Bug 155313

Summary: NFS over UDP timeouts due to oversmall RPC_RTO_MIN
Product: Red Hat Enterprise Linux 3 Reporter: Damian Menscher <menscher>
Component: kernelAssignee: Steve Dickson <steved>
Status: CLOSED WONTFIX QA Contact: Brian Brock <bbrock>
Severity: high Docs Contact:
Priority: medium    
Version: 3.0CC: buckh, petrides, shillman
Target Milestone: ---   
Target Release: ---   
Hardware: i386   
OS: Linux   
Whiteboard:
Fixed In Version: Doc Type: Bug Fix
Doc Text:
Story Points: ---
Clone Of: Environment:
Last Closed: 2007-10-19 19:04:25 UTC Type: ---
Regression: --- Mount Type: ---
Documentation: --- CRM:
Verified Versions: Category: ---
oVirt Team: --- RHEL 7.3 requirements from Atomic Host:
Cloudforms Team: --- Target Upstream Version:
Embargoed:

Description Damian Menscher 2005-04-19 03:06:40 UTC
From Bugzilla Helper:
User-Agent: Mozilla/4.0 (compatible; MSIE 6.0; Windows NT 5.1; SV1; .NET CLR 1.0.3705; .NET CLR 1.1.4322)

Description of problem:
When using NFS over UDP, the timeo mount option is ignored in favor of an adaptive Round Trip Time (RTT) estimator (that this is contrary to all known documentation is a bug in itself).  The minimum allowable time for the adaptive estimator is set in .../net/sunrpc/timer.c as
#define RPC_RTO_MIN (HZ/30)
Note that on fast hardware, the timeo will tune itself down to about 0.04s.  With the default retransmit value (retrans=3) this gives a server just 0.6s to respond.  This will lead to frequent timeouts, which can cause data corruption in the case of a soft mount.

I recommend using the value from recent kernels: HZ/10, which will give the server a minimum of 1.5s to respond.

Version-Release number of selected component (if applicable):
kernel-2.4.21-27.0.2.EL

How reproducible:
Always

Steps to Reproduce:
1. running "du" on a soft-mounted partition (UDP as the transport) will often show the problem.  But it's easier to just read the kernel source.

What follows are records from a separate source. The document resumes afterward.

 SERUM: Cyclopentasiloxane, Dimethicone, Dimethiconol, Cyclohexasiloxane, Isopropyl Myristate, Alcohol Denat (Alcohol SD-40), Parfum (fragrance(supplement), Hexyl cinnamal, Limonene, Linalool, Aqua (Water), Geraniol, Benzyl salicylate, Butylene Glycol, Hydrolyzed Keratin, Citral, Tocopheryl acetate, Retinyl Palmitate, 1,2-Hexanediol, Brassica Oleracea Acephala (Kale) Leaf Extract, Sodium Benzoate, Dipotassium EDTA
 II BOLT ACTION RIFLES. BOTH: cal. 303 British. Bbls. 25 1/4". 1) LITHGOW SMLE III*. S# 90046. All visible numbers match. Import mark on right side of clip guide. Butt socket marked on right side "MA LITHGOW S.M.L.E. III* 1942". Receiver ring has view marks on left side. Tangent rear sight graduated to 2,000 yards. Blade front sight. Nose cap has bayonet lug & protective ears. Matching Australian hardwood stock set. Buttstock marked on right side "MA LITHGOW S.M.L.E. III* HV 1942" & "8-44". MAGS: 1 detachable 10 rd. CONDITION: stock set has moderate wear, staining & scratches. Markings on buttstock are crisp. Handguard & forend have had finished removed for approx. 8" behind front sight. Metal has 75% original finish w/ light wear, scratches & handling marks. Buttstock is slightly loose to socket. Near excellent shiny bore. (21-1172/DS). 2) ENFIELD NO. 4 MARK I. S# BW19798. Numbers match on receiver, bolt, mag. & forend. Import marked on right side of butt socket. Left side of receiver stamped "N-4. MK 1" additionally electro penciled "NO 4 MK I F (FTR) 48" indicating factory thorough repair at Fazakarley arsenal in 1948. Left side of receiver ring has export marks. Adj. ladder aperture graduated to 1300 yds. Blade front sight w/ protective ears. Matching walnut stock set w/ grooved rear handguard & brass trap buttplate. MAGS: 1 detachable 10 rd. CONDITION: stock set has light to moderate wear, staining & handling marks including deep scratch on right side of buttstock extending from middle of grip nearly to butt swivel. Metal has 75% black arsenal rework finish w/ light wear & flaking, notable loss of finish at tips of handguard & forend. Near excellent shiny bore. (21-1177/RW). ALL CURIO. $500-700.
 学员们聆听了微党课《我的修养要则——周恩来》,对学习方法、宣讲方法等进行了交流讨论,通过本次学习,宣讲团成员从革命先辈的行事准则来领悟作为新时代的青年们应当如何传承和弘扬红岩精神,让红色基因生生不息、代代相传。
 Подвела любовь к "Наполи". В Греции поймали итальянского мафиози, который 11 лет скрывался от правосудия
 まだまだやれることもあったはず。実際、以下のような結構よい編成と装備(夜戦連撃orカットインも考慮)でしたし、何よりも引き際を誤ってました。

Actual Results:  The RPC call will return ETIMEDOUT, which returns EIO to the calling program, and logs an error to the syslog.

Additional info:

This one should be a no-brainer... it's been fixed in the mainstream kernel for a fairly long time.  Marking as "high" severity since data corruption could result from an unwarranted NFS timeout.

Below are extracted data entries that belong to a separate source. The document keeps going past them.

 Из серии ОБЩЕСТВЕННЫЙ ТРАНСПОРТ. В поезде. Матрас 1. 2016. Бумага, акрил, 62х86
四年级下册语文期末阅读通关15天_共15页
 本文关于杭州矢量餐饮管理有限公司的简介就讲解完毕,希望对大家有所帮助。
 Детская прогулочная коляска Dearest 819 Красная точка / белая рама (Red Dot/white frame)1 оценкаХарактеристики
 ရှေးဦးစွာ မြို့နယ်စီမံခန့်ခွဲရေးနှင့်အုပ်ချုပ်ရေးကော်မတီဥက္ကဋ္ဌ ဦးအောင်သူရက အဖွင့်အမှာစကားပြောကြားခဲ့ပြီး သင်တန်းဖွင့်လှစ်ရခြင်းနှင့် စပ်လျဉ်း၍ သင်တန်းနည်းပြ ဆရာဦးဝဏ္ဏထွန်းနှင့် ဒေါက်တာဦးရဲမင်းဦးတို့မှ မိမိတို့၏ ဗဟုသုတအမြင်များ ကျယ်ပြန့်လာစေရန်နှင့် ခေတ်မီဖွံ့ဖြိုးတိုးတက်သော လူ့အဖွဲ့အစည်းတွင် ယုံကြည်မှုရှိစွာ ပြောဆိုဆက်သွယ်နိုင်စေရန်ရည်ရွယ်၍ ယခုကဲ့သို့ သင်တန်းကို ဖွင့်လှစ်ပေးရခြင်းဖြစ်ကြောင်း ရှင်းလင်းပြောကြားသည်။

Comment 3 Damian Menscher 2005-04-19 21:32:03 UTC
It's probably worth mentioning (for the benefit of others with this problem) 
that setting retrans=5 (or larger) as a mount option will approximate 
the "correct" behavior.  You need to umount/mount, as the remount option 
doesn't appear to let you change NFS mount options (see Bug 155392).

Comment 4 RHEL Program Management 2007-10-19 19:04:25 UTC
This bug is filed against RHEL 3, which is in maintenance phase.
During the maintenance phase, only security errata and select mission
critical bug fixes will be released for enterprise products. Since
this bug does not meet that criteria, it is now being closed.
 
For more information of the RHEL errata support policy, please visit:
http://www.redhat.com/security/updates/errata/
 
If you feel this bug is indeed mission critical, please contact your
support representative. You may be asked to provide detailed
information on how this bug is affecting you.